Description of the task: Retype each record below word for word. Leave the pictures out.

::: Exercise data :::

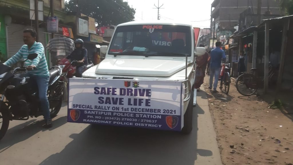মলয় দে নদীয়া:- পথ দুর্ঘটনার হাত থেকে মানুষকে সচেতন করতে রানাঘাট পুলিশ জেলার নির্দেশে শান্তিপুর থানার উদ্যোগে শান্তিপুরের রাজপথে সেভ ড্রাইভ সেফ লাইফ এর কর্মসূচি। বুধবার শান্তিপুর ডাকঘর মোর থেকে এই সেভ ড্রাইভ সেভ লাইফ কর্মসূচি শুরু হয়, শেষ হয় শান্তিপুর স্টেশন সংলগ্ন গোলপার্ক মোড়ে। উল্লেখ্য গত কয়েকমাস ধরেই শান্তিপুরের বিভিন্ন এলাকায় মাঝেমধ্যেই পথ দুর্ঘটনা ঘটছে, আহত হচ্ছেন একাধিক ব্যক্তি। এবার সাধারণ মানুষকে পথ দুর্ঘটনা থেকে সচেতন করতে সেভ ড্রাইভ সেভ লাইফ কর্মসূচি পালন করল শান্তিপুর থানার পুলিশ। এই কর্মসূচিতে উপস্থিত ছিলেন শান্তিপুর থানার একাধিক পুলিশ আধিকারিক সহ শান্তিপুর থানার সিভিক ভলেন্টিয়ার।
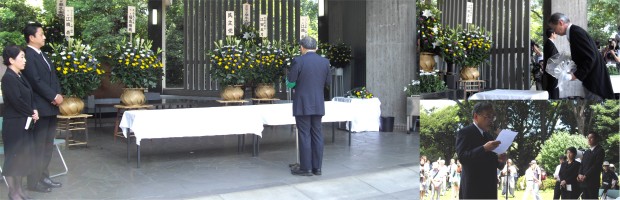 豪雨水害などが各地で頻発する異常気象のなかで、ようやく夏の暑さを感じさせる8月15日、平和フォーラムは東京・千鳥ヶ淵の国立戦没者墓苑で戦後64年の「戦争犠牲者追悼・平和を誓う集会」を行い、各団体の代表など約200人が参加しました。集会はI女性会議の大塚優子中央常任委員の司会・進行ですすめられ、12時の黙とうに続いて、江橋崇・平和フォーラム代表、那谷屋正義・民主党参議院議員、福島みずほ・社会民主党党首(参議院議員)による「誓いの言葉」が述べられたあと、各団体・参加者による献花が行われました。なお、平和フォーラムは、千鳥ヶ淵墓苑での追悼を、衆議院は解散中のため、今年は江田五月・参議院議長について要請し、議長はこれに応えて参拝しました。
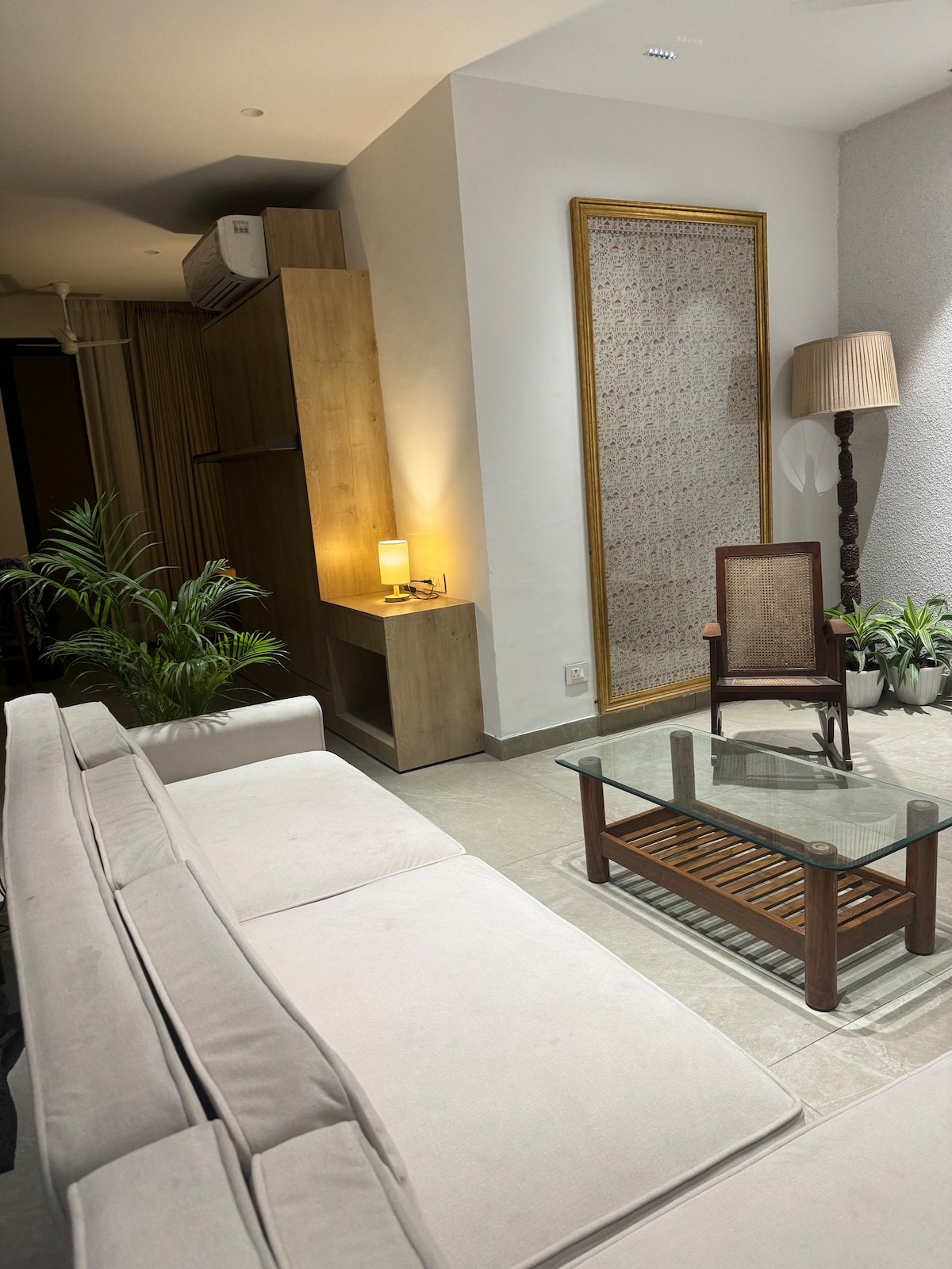 Este apartamento tipo estudio de planta abierta sigue principios de diseño minimalistas minimalistas. Equipado con una pequeña cocina, dos baños, una cama tamaño king, una cama tamaño queen, TV con Netflix, Hotstar, PrimeVideo, JioCinema y wifi gratuito, este espacio es capaz de alojar cómodamente a una familia de cuatro miembros. Nota: Este es un apartamento de planta abierta y NO hay dormitorios privados. El apartamento está en el segundo piso, por lo que tendrás que subir dos tramos de escaleras. NO SE PERMITEN 🙏🏽 FIESTAS NI FUMAR 🚭
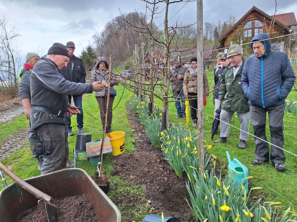 Im Zusammenhang mit der Baumpflanzaktion der Stadt konnten die heurigen, baldigen Obstbaumbesitzer aus dieser Aktion beim Obmann des OGV Emsreute Hermann Klien miterleben, wie ein Obstbaum richtig gepflanzt wird.
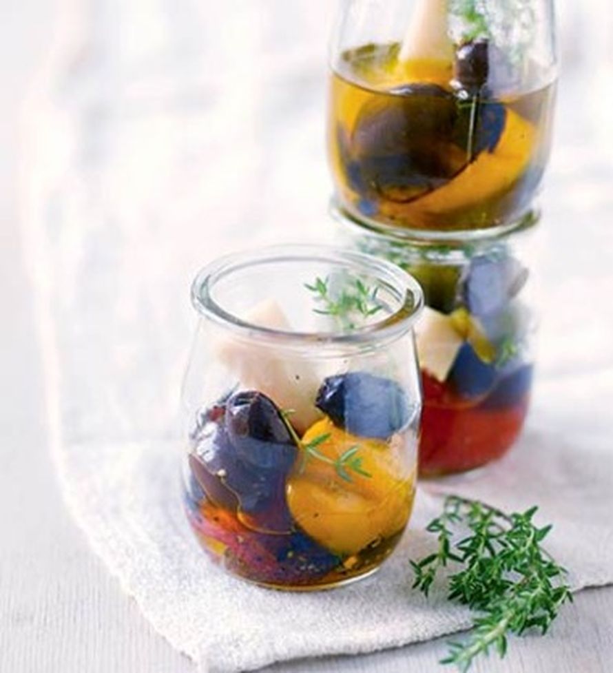 2. Sekoita öljy, balsamico, pippurit ja yrtit. Kaada seos juusto–kasvisseokseen. Nosta jääkaappiin ja anna maustua vähintään vuorokausi.
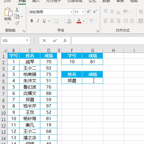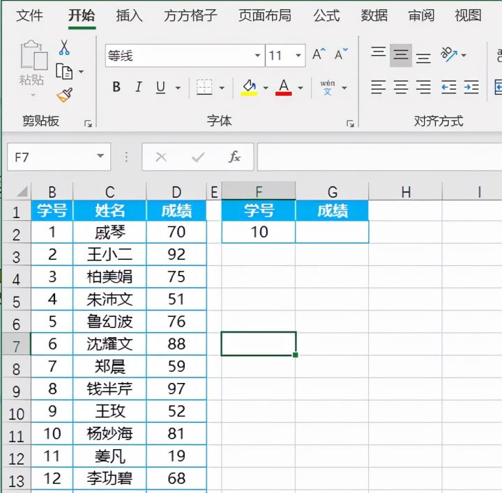 4、如下图所示,是某班级学生成绩表,班级中学生人数人多。现在我们想用vlookup函数快速的查找出学号为10的学生成绩。
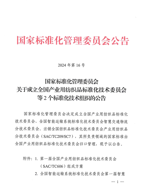 近日,國家標準化管理委員會2024年第16號文發(fā)布公告,決定成立全國產(chǎn)業(yè)用紡織品標準化技術(shù)委員會,編號為SAC/TC 606,英文名稱為National Technical Committee 606 on Technical Textiles of Standardization Administration of China,主要負責產(chǎn)業(yè)用紡織品基礎(chǔ)通用、實驗方法、產(chǎn)品性能等領(lǐng)域國家標準制修訂工作。同時注銷全國紡織品標準化技術(shù)委員會產(chǎn)業(yè)用紡織品分技術(shù)委員會(SAC/TC209/SC7),其所負責領(lǐng)域的國家標準由全國產(chǎn)業(yè)用紡織品標準化技術(shù)委員會歸口管理。
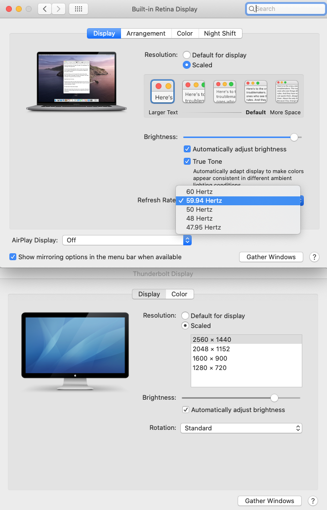 Can you tell me how to change refresh rate on my monitor ?if it is possible, i request a favor from you. If your external display have 120 or 144hz refresh rate. Could you please make a video record on both monitors during scrolling in same web page and upload it (not in mirror screens mode)
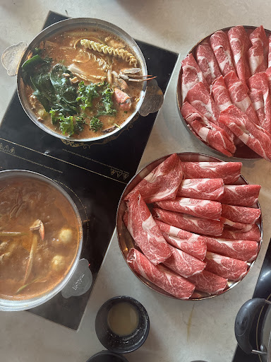 For the broth, I decided to order the fire crab (+4) and a regular size chicken for the meats. I guess we had gotten a free upgrade being that it was during the week. The server brought out the vegetables in a bowl which consisted of noodles, tofu, lettuce, and other greens. The broth was deliciously flavored with a nice undertone of spice and seafoodness. There were two pieces of a crab within the broth. The server never asked me if I wanted any spicy drops which was okay because the broth had a level of spicy that was just right for me. The chicken platter had four balled up amounts of ground chicken and about 8 slices of thin chicken. These cooked fairly quick with the vegetables. Dipping and smothering the pieces of meat and vegetables into the sesame sauce, it was deliciously incredible. After finishing most of the meats and vegetables, I decided to place the remaining vegetables into the broth along with the noodles, then after being cooked, I now had my noodle soup to finish it off. The service here was great and the prices were very reasonable. My total came out to $43 with my girlfriend ordering...
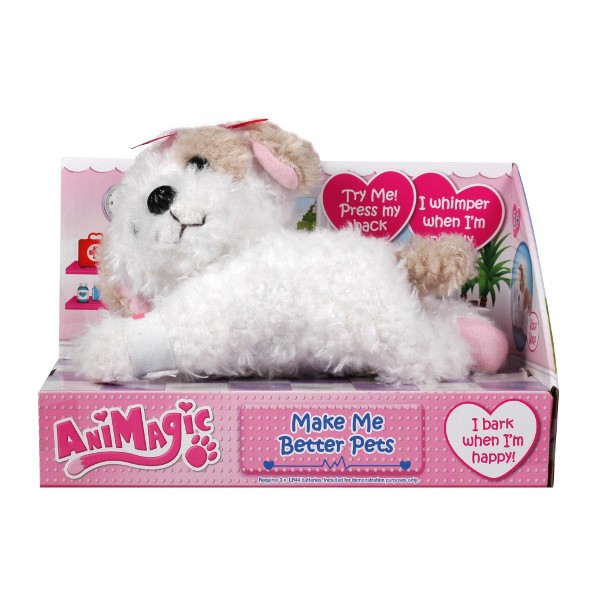 Piesek wydaje dźwięki i zachowuje się jak prawdziwy szczeniak. Ma na rączce opatrunek. Wydaje również realistyczne odgłosy, a gdy jest zmęczony, zasypiaja cichutko pochrapując.
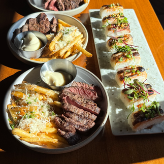 When it came time for mains, three of us went for the petite steak frites, which turned out to be the group favorite. The fries were crisp and perfectly seasoned, and while the steak was very tasty, the “petite” part is real, don’t expect a huge portion. If you're looking for something a little more filling, we’d recommend the aburi salmon sushi press, this one was a hit in both flavor and quantity.The only downside? The wait time between drinks and food was a bit long. Not terrible, but noticeable. Still, the vibe and quality made up for it.
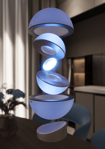 Игрушка-светильник «Люмен» состоит из трех частей — подставки и двух полусфер с подвижной сердцевиной, внутри которой технический блок и линза.

:::

Answer space:
মলয় দে নদীয়া:- পথ দুর্ঘটনার হাত থেকে মানুষকে সচেতন করতে রানাঘাট পুলিশ জেলার নির্দেশে শান্তিপুর থানার উদ্যোগে শান্তিপুরের রাজপথে সেভ ড্রাইভ সেফ লাইফ এর কর্মসূচি। বুধবার শান্তিপুর ডাকঘর মোর থেকে এই সেভ ড্রাইভ সেভ লাইফ কর্মসূচি শুরু হয়, শেষ হয় শান্তিপুর স্টেশন সংলগ্ন গোলপার্ক মোড়ে। উল্লেখ্য গত কয়েকমাস ধরেই শান্তিপুরের বিভিন্ন এলাকায় মাঝেমধ্যেই পথ দুর্ঘটনা ঘটছে, আহত হচ্ছেন একাধিক ব্যক্তি। এবার সাধারণ মানুষকে পথ দুর্ঘটনা থেকে সচেতন করতে সেভ ড্রাইভ সেভ লাইফ কর্মসূচি পালন করল শান্তিপুর থানার পুলিশ। এই কর্মসূচিতে উপস্থিত ছিলেন শান্তিপুর থানার একাধিক পুলিশ আধিকারিক সহ শান্তিপুর থানার সিভিক ভলেন্টিয়ার।
 豪雨水害などが各地で頻発する異常気象のなかで、ようやく夏の暑さを感じさせる8月15日、平和フォーラムは東京・千鳥ヶ淵の国立戦没者墓苑で戦後64年の「戦争犠牲者追悼・平和を誓う集会」を行い、各団体の代表など約200人が参加しました。集会はI女性会議の大塚優子中央常任委員の司会・進行ですすめられ、12時の黙とうに続いて、江橋崇・平和フォーラム代表、那谷屋正義・民主党参議院議員、福島みずほ・社会民主党党首(参議院議員)による「誓いの言葉」が述べられたあと、各団体・参加者による献花が行われました。なお、平和フォーラムは、千鳥ヶ淵墓苑での追悼を、衆議院は解散中のため、今年は江田五月・参議院議長について要請し、議長はこれに応えて参拝しました。
 Este apartamento tipo estudio de planta abierta sigue principios de diseño minimalistas minimalistas. Equipado con una pequeña cocina, dos baños, una cama tamaño king, una cama tamaño queen, TV con Netflix, Hotstar, PrimeVideo, JioCinema y wifi gratuito, este espacio es capaz de alojar cómodamente a una familia de cuatro miembros. Nota: Este es un apartamento de planta abierta y NO hay dormitorios privados. El apartamento está en el segundo piso, por lo que tendrás que subir dos tramos de escaleras. NO SE PERMITEN 🙏🏽 FIESTAS NI FUMAR 🚭
 Im Zusammenhang mit der Baumpflanzaktion der Stadt konnten die heurigen, baldigen Obstbaumbesitzer aus dieser Aktion beim Obmann des OGV Emsreute Hermann Klien miterleben, wie ein Obstbaum richtig gepflanzt wird.
 2. Sekoita öljy, balsamico, pippurit ja yrtit. Kaada seos juusto–kasvisseokseen. Nosta jääkaappiin ja anna maustua vähintään vuorokausi.
 4、如下图所示,是某班级学生成绩表,班级中学生人数人多。现在我们想用vlookup函数快速的查找出学号为10的学生成绩。
 近日,國家標準化管理委員會2024年第16號文發(fā)布公告,決定成立全國產(chǎn)業(yè)用紡織品標準化技術(shù)委員會,編號為SAC/TC 606,英文名稱為National Technical Committee 606 on Technical Textiles of Standardization Administration of China,主要負責產(chǎn)業(yè)用紡織品基礎(chǔ)通用、實驗方法、產(chǎn)品性能等領(lǐng)域國家標準制修訂工作。同時注銷全國紡織品標準化技術(shù)委員會產(chǎn)業(yè)用紡織品分技術(shù)委員會(SAC/TC209/SC7),其所負責領(lǐng)域的國家標準由全國產(chǎn)業(yè)用紡織品標準化技術(shù)委員會歸口管理。
 Can you tell me how to change refresh rate on my monitor ?if it is possible, i request a favor from you. If your external display have 120 or 144hz refresh rate. Could you please make a video record on both monitors during scrolling in same web page and upload it (not in mirror screens mode)
 For the broth, I decided to order the fire crab (+4) and a regular size chicken for the meats. I guess we had gotten a free upgrade being that it was during the week. The server brought out the vegetables in a bowl which consisted of noodles, tofu, lettuce, and other greens. The broth was deliciously flavored with a nice undertone of spice and seafoodness. There were two pieces of a crab within the broth. The server never asked me if I wanted any spicy drops which was okay because the broth had a level of spicy that was just right for me. The chicken platter had four balled up amounts of ground chicken and about 8 slices of thin chicken. These cooked fairly quick with the vegetables. Dipping and smothering the pieces of meat and vegetables into the sesame sauce, it was deliciously incredible. After finishing most of the meats and vegetables, I decided to place the remaining vegetables into the broth along with the noodles, then after being cooked, I now had my noodle soup to finish it off. The service here was great and the prices were very reasonable. My total came out to $43 with my girlfriend ordering...
 Piesek wydaje dźwięki i zachowuje się jak prawdziwy szczeniak. Ma na rączce opatrunek. Wydaje również realistyczne odgłosy, a gdy jest zmęczony, zasypiaja cichutko pochrapując.
 When it came time for mains, three of us went for the petite steak frites, which turned out to be the group favorite. The fries were crisp and perfectly seasoned, and while the steak was very tasty, the “petite” part is real, don’t expect a huge portion. If you're looking for something a little more filling, we’d recommend the aburi salmon sushi press, this one was a hit in both flavor and quantity.The only downside? The wait time between drinks and food was a bit long. Not terrible, but noticeable. Still, the vibe and quality made up for it.
 Игрушка-светильник «Люмен» состоит из трех частей — подставки и двух полусфер с подвижной сердцевиной, внутри которой технический блок и линза.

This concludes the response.